When such merger or consolidation has been effected:
(1) The several associations, parties to the plan of merger or consolidation, shall be a single association which, in the case of a merger, shall be that association designated in the plan of merger as the surviving association, and, in the case of a consolidation, shall be the new association provided for in the plan of consolidation.
(2) The separate existence of all associations which are parties to the plan of merger or consolidation, except the surviving or new association, shall cease.
(3) Such surviving or new association shall have all the rights, privileges, immunities, and powers and shall be subject to all the duties and liabilities of an association organized under this Subchapter.
(4) Such surviving or new association shall thereupon and thereafter, to the extent consistent with its charter as established or changed by the merger or consolidation, possess all the rights, privileges, immunities, and franchises, as well of a public as of a private nature, of each of the merging or consolidating associations; and all property, real and personal, and all debts due on any account, and all other choses in action, and all and every other interest, of or belonging to or due to each of the associations so merged or consolidated, shall be taken and deemed to be transferred to and vested in such single association without further act or deed; and the title to any real estate, or any interest therein, vested in any of such associations shall not revert or be in any way impaired by reason of such merger or consolidation.
(5) Such surviving or new association shall thenceforth be responsible and liable for all the liabilities, contracts or other obligations, and penalties of each of the associations so merged or consolidated; and any claim existing or action or proceeding, civil or criminal, pending by or against any of such associations may be prosecuted as if such merger or consolidation had not taken place, or such surviving or new association may be substituted in its place; and any judgments rendered against any of the merged or consolidated associations may be enforced against the surviving or new association.

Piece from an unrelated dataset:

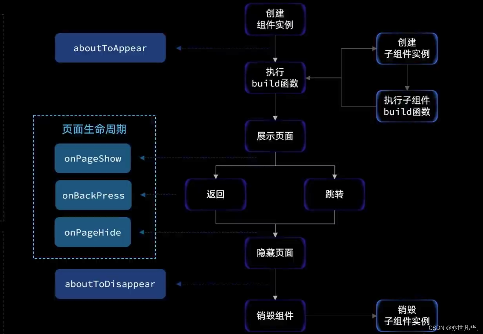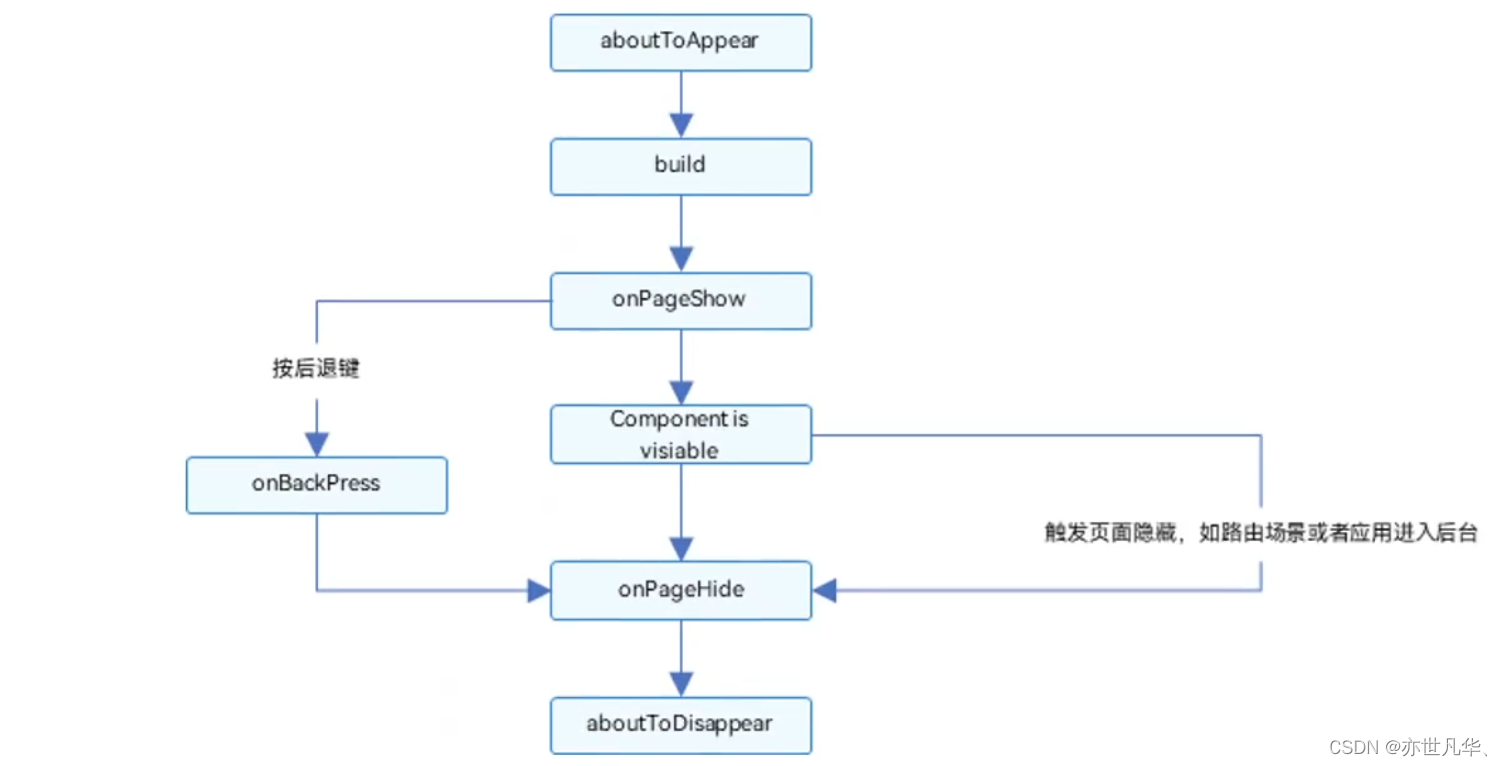 生命周期流程如下图所示,下图展示的是被@Entry装饰的组件(首页)生命周期。

Neither the rights of creditors nor any liens upon the property of any merged or consolidated association shall be impaired by such merger or consolidation.
(6) In the case of a merger, the charter of the surviving association shall be deemed to be amended to the extent, if any, that changes in its charter are stated in the plan of merger. In the case of a consolidation, the articles of consolidation shall be deemed to be the articles of incorporation of the new association. (1963, c. 1168, s. 13.)